Dave Watson: Hey Jonathan, Dave. Let me start with the broadband in its entirety, the whole market and a viewpoint. Let me begin with the broadband market as a whole is still growing, maybe at a slower pace than it was last year and the year before, but there’s still going to be a pretty healthy amount of net adds in 2024 and likely beyond. The right way, though, in addition to that–I think everything we’ve talked about before, the right way we think to look about it is, is holding our own, growing relationships responsibly, but it’s also where the market is going and how broadband is being used. As we’ve talked about, the utility of the broadband product itself is only going up, so when you look at the health of the entire category, it’s the relationships but it’s also the overall usage and consumption, and for us, you’ve seen usage is up double digits, broadband-only subs using over 700 gigabytes of data a month, over 70% of our subscriber base is on speed tiers of 50 megs or more, and nearly a third of our customers are on a gig.

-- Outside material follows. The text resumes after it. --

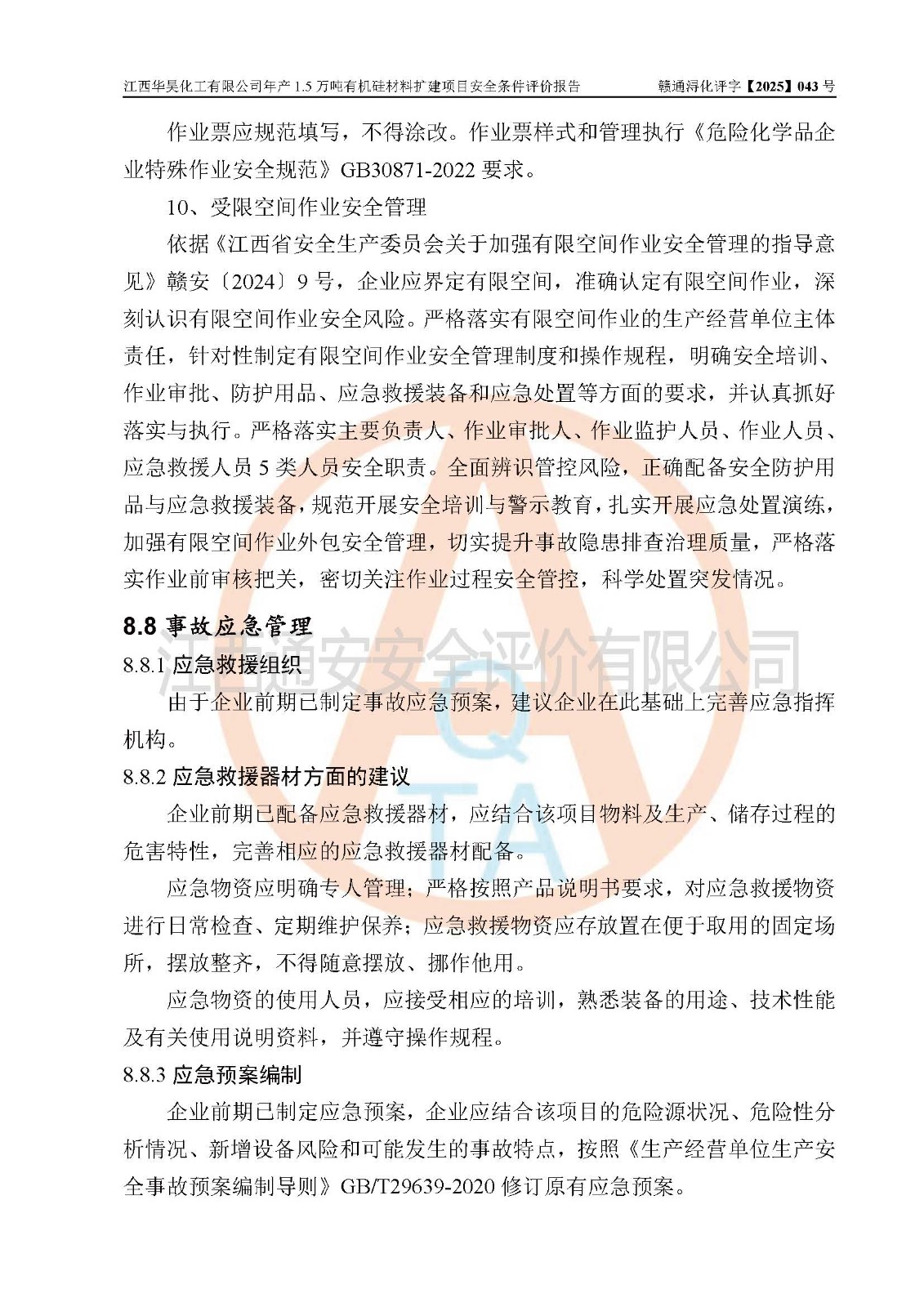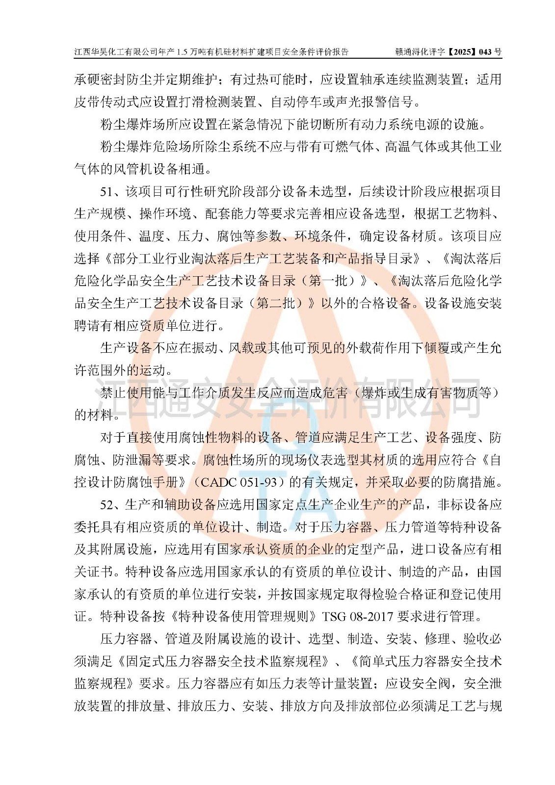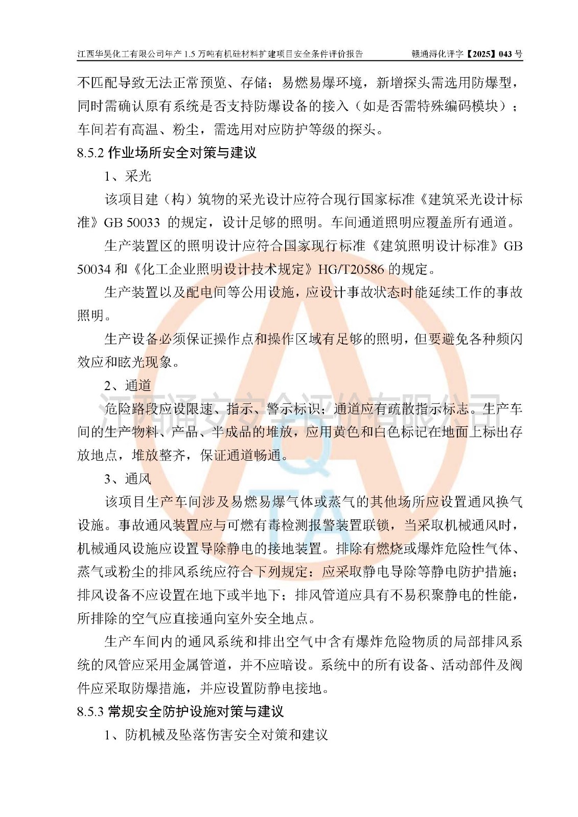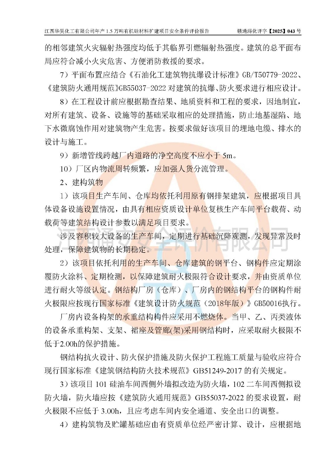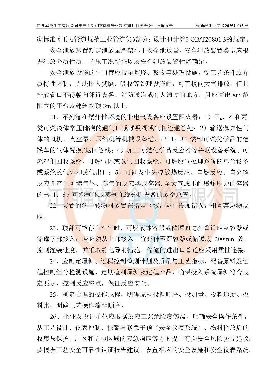 江西華昊化工有限公司是一家于2011年11月注冊成立的有限責(zé)任公司(自然人投資或控股),注冊地址位于永修縣云山經(jīng)濟(jì)開發(fā)區(qū)星火工業(yè)園星云大道旁,法定**人柴利兵,注冊資本1542萬元,經(jīng)營范圍包括許可項(xiàng)目和一般項(xiàng)目,許可項(xiàng)目為危險(xiǎn)化學(xué)品生產(chǎn)、危險(xiǎn)化學(xué)品經(jīng)營、貨物進(jìn)出口、第二類醫(yī)療器械生產(chǎn),一般項(xiàng)目為合成材料制造(不含危險(xiǎn)化學(xué)品)、合成材料銷售、第二類醫(yī)療器械銷售。 為滿足更大市場需求,同時(shí)解決企業(yè)原料及配套生產(chǎn)的需求,江西華昊化工有限公司擬投資5000萬元將廠區(qū)101硅油車間、102二車間原有項(xiàng)目改建為年產(chǎn)1.5萬噸有機(jī)硅材料擴(kuò)建項(xiàng)目(以下簡稱“該項(xiàng)目”)。 該項(xiàng)目生產(chǎn)過程涉及的化學(xué)反應(yīng)包括聚合(常壓)、水解、中和,涉及蒸餾、壓濾、流體輸送、熱交換、產(chǎn)品包裝等化工單元操作過程。該項(xiàng)目涉及的危險(xiǎn)化學(xué)品包括四甲基氫氧化銨、氫氧化鉀、磷酸、30%氫氧化鈉溶液、六甲基二硅氧烷、乙醇、氯化氫、鹽酸、氮?dú)?/span>、DMC(二甲基環(huán)硅氧烷的混合物)、有機(jī)硅單體高沸物、**胺(廢氣組分)、甲醇(廢氣組分)、甲醚(廢氣組分),其中甲醇、甲醚屬于重點(diǎn)監(jiān)管的危險(xiǎn)化學(xué)品,鹽酸屬于第三類易制毒化學(xué)品,乙醇、甲醇、甲醚屬于特別管控危險(xiǎn)化學(xué)品,四甲基氫氧化銨、乙醇、**胺、甲醇、甲醚屬于第四類監(jiān)控化學(xué)品。該項(xiàng)目不涉及劇毒品、易制爆化學(xué)品、高毒物品,不涉及**、二、三類監(jiān)控化學(xué)品。 該項(xiàng)目不涉及重點(diǎn)監(jiān)管的典型危險(xiǎn)化工工藝,生產(chǎn)單元、儲存單元不構(gòu)成危險(xiǎn)化學(xué)品重大危險(xiǎn)源。 該項(xiàng)目副產(chǎn)品鹽酸、中間產(chǎn)品低粘度封頭劑(六甲基二硅氧烷)屬于危險(xiǎn)化學(xué)品,該項(xiàng)目屬于危險(xiǎn)化學(xué)品生產(chǎn)項(xiàng)目,依據(jù)《危險(xiǎn)化學(xué)品生產(chǎn)企業(yè)安全生產(chǎn)許可證實(shí)施辦法》(**安全生產(chǎn)監(jiān)督管理總局令第41號,第79號、89號修改),項(xiàng)目需要辦理危險(xiǎn)化學(xué)品安全生產(chǎn)許可證。 |

Those are great trends for us over the long term and gives us the great confidence as we’re investing and continue to invest in a better network and a better customer experience, as Brian has said. You know, when you look at things, I think it’s clearly competitive, as we’ve talked about. One other factor that enters into it in some cases in certain segments, there’s some people that revert back to mobile only – that can happen, so there’s a variety of factors that could enter into it. But overall as a category and a growth opportunity, quite optimistic about broadband.

Jason Armstrong: Hey Jonathan, let me start on segmentation, and then Dave probably wants to chime in as well. On Now, I think what’s interesting and exciting about it is it’s a dedicated flanker brand strategy. We’ve had prepaid offers in the past, sort of wedged into our existing portfolio. This is a more dedicated and branded strategy around it. By the way, the branding around this has worked very well in our U.K. market for Sky – it’s actually where the brand name came from, so we expect this to have some resonance. I would point out, if you look at where it’s sort of targeted, we’ve got 100 meg offer for $30, it’s inclusive of taxes, fees and equipment. We’ve got a $45 offering that’s 200 megs and inclusive as well – very competitive versus fixed wireless, right, that is in this range maybe slightly higher without the same reliability and ubiquity we have.

Mike Cavanagh: Yes, adding onto that, Jonathan, again we’ve been doing prepaid broadband for a while – years, and we needed to refresh it, needed to update it and put it in a more competitive position. The prepaid mobile is new and Now TV is relatively new, but it’s a segmented approach, and if you think about–you know, it’s all-in pricing, it’s very simple, it’s really easy. There’s no contracts, no credit checks. Customers can sign up, pause, cancel online anytime. It’s a very straightforward but feature-light product as we keep our focus on the high end in terms of fully featured things – we’ll continue to do that, but this just gives us a brand, gives us a product suite to be able to clearly define segmentation in a way that we can manage through.

Marci Ryvicker: Thanks Jonathan, and we want to thank everyone on the call for joining us this morning.